Even with all of these innovations, limitations were still there. For instance, word2vec doesn’t capture context, so it remained hard to capture polysemy (words with multiple meanings) and other linguistic phenomena. Moreover, rare tokens that were never encountered in these pre-trained models would get a default representation (the <unk> token) which led to loss of information.
Luckily, the field hasn’t stood still in the meantime. New innovations have brought transformer-based architectures for language models, and with these models came a new way of tokenization: subword tokenization. This architecture in combination with this method of tokenization solves the aforementioned limitations of capturing rare words and providing context.
To perform subword tokenization, the field has reinvented an old data compression algorithm: byte pair encoding.
In this tutorial, I’ll explain what it is, what makes it so effective and how to implement it yourself.

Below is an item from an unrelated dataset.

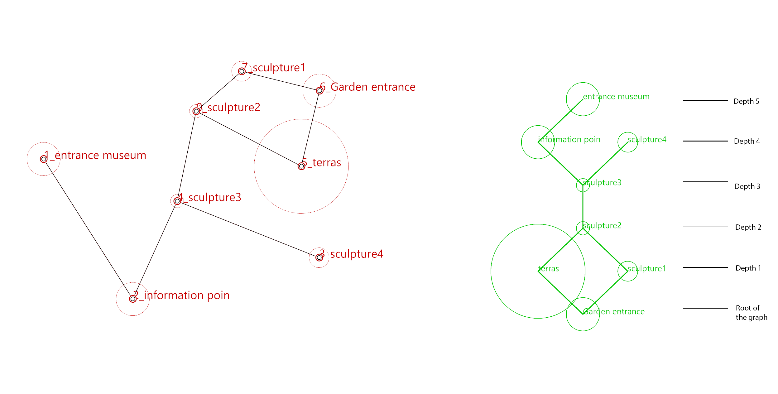 This Graph helps you to analyze the connections between the spaces/functions, giving insight into how the spaces and functions are related to each other, their functional hierarchy and spatial/functional experience when moving from one space/function to another. This graph doesn’t provide the location of the spaces on the site. It defines their spatial/functional relationships, the location of the points of the graph can change location without “breaking” de graph as we can see with the Justified Tree Graph. This analysis provides essential more in-depth insight than a spatial layout on the site alone.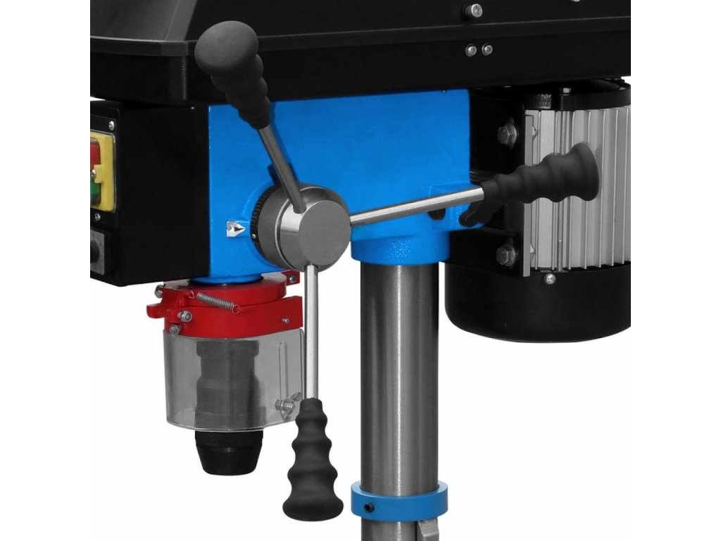 Uchwyt szybkozłączny do narzędzi i wiertarek ø 1 - 16 mm (→ bicie: < 0,02 mm), regulacja głębokości wiercenia (→ 1 - 60 mm; dla większych serii obrabianych przedmiotów), składany stół roboczy (→ wiercenie pod kątem; zakres: ± 45°).

What is byte pair encoding?
Byte pair encoding (BPE) was originally invented in 1994 as a technique for data compression. Data was compressed by replacing commonly occurring pairs of consecutive bytes by a byte that wasn’t present in the data yet.
In order to make byte pair encoding suitable for subword tokenization in NLP, some amendmends have been made. Frequently occurring subword pairs are merged instead of replaced by another character as they would in the original compression algorithm.

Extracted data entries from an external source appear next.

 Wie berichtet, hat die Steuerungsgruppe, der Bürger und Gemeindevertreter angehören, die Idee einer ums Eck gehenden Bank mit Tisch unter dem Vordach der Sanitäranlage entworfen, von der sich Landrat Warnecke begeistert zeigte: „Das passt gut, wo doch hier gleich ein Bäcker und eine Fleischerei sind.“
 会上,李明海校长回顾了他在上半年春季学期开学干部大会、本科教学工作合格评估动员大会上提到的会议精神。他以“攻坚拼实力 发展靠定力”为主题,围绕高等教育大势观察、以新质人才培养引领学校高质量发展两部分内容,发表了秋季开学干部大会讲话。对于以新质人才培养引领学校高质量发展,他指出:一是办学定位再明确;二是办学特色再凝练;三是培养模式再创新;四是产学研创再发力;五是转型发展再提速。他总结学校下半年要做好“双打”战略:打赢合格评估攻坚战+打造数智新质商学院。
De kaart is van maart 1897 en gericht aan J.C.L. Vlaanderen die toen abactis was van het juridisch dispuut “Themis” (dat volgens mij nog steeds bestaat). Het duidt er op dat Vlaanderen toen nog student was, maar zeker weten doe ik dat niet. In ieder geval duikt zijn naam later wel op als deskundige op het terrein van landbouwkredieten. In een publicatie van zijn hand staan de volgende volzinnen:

Using BPE, we make sure that frequent words are represented as single tokens whereas low frequency words are split up into multiple subword tokens.
In order to understand byte pair encoding, we’ll demonstrate how it works with an example:
Suppose you have a corpus with the following set of words and their frequencies after initial word tokenization:
{
"book": 12,
"nook": 8,
"noob": 14,
"boob": 5,
"books": 6
}We start off with a character vocabulary of: {"b", "k", "n", "s", "o"}.

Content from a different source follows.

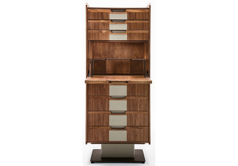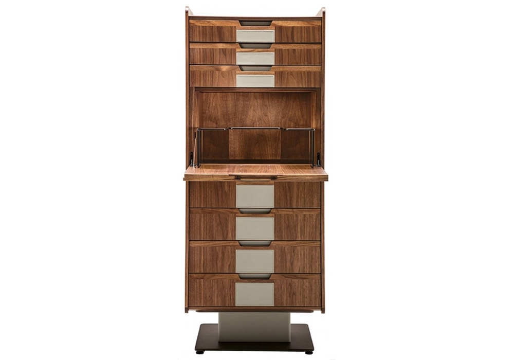 Corium designed by Umberto Asnago for Giorgetti is a chest of drawers with structure in poplar plywood, veneer and solid canaletto walnut, in different finishes. The base is in bronze painted metal, with column and drawer fronts covered in saddle leather. The chest of drawers is equipped with 7 drawers with fully extractable, retractable sliding guides, and a flap door with an internal shelf in bronzed glass.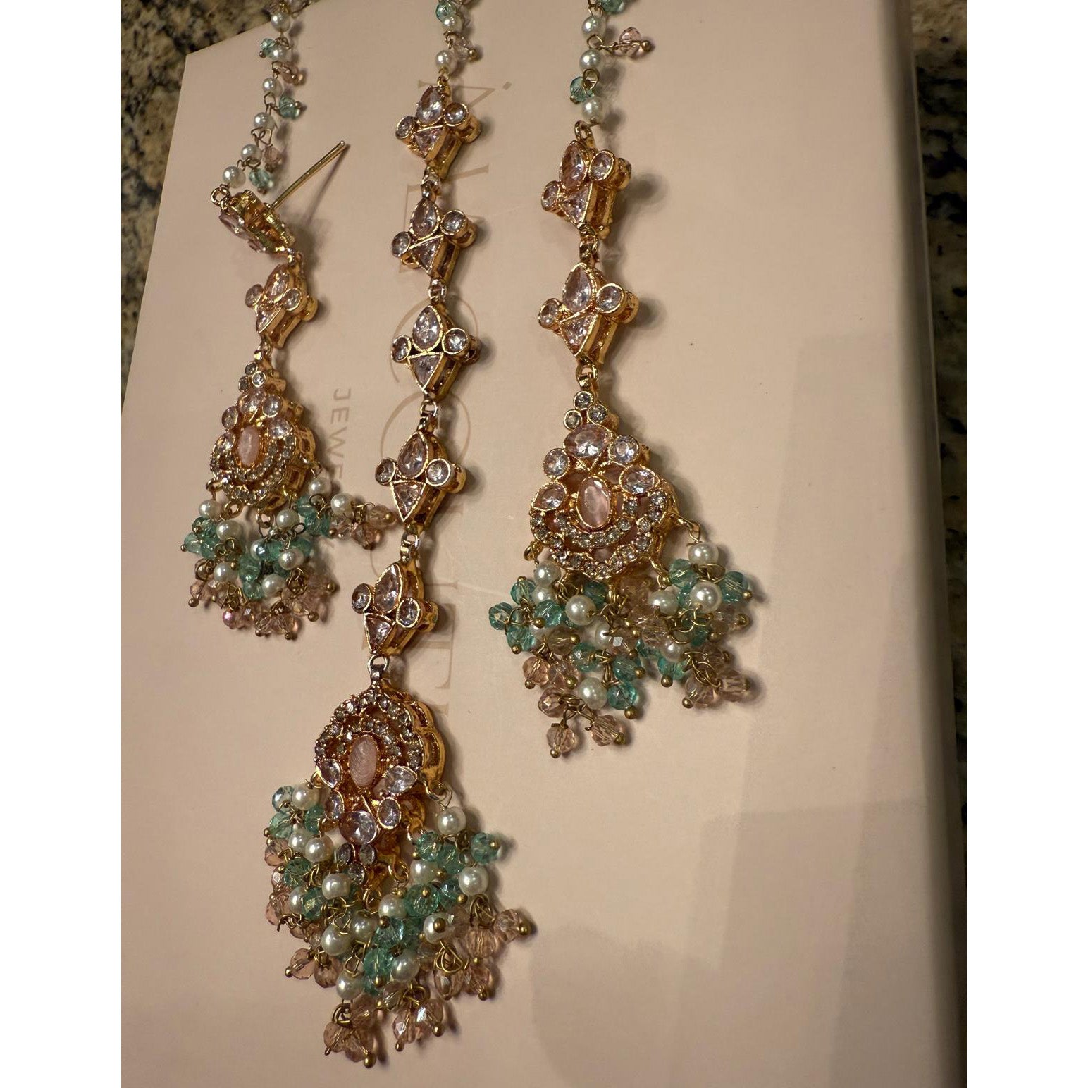The set includes a necklace, a maang teekah, a jhoomar and a pair of matching earrings. Approximate earrings length is 3".

If we split our corpus into the character vocabulary tokens, we get:
| Word | Characters | Counts |
|---|---|---|
| book | b o o k | 12 |
| nook | n o o k | 8 |
| noob | n o o b | 14 |
| boob | b o o b | 5 |
| books | b o o k s | 6 |
With Byte Pair Encoding, we then count all character combinations and compute their frequency within 'words'. The most frequently occurring character combinations will then be merged.
In the example above, the most frequently occurring character pair is 'oo' because it occurs in all words (12+8+14+5+6 = 45 times). So by combining the two 'o' into 'oo', we get:
| Word | Characters | Counts |
|---|---|---|
| book | b oo k | 12 |
| nook | n oo k | 8 |
| noob | n oo b | 14 |
| boob | b oo b | 5 |
| books | b oo k s | 6 |
If we again compute the frequency combinations of pairs of symbols, the pair 'oo' and 'k' is the most frequent (occurring 12+8+6 = 26 times). We merge them and get:
| Word | Characters | Counts |
|---|---|---|
| book | b ook | 12 |
| nook | n ook | 8 |
| noob | n oo b | 14 |
| boob | b oo b | 5 |
| books | b ook s | 6 |
If we iterate once more, we see that 'oo' and 'b' are the most frequent pair (14 + 5 = 19 times).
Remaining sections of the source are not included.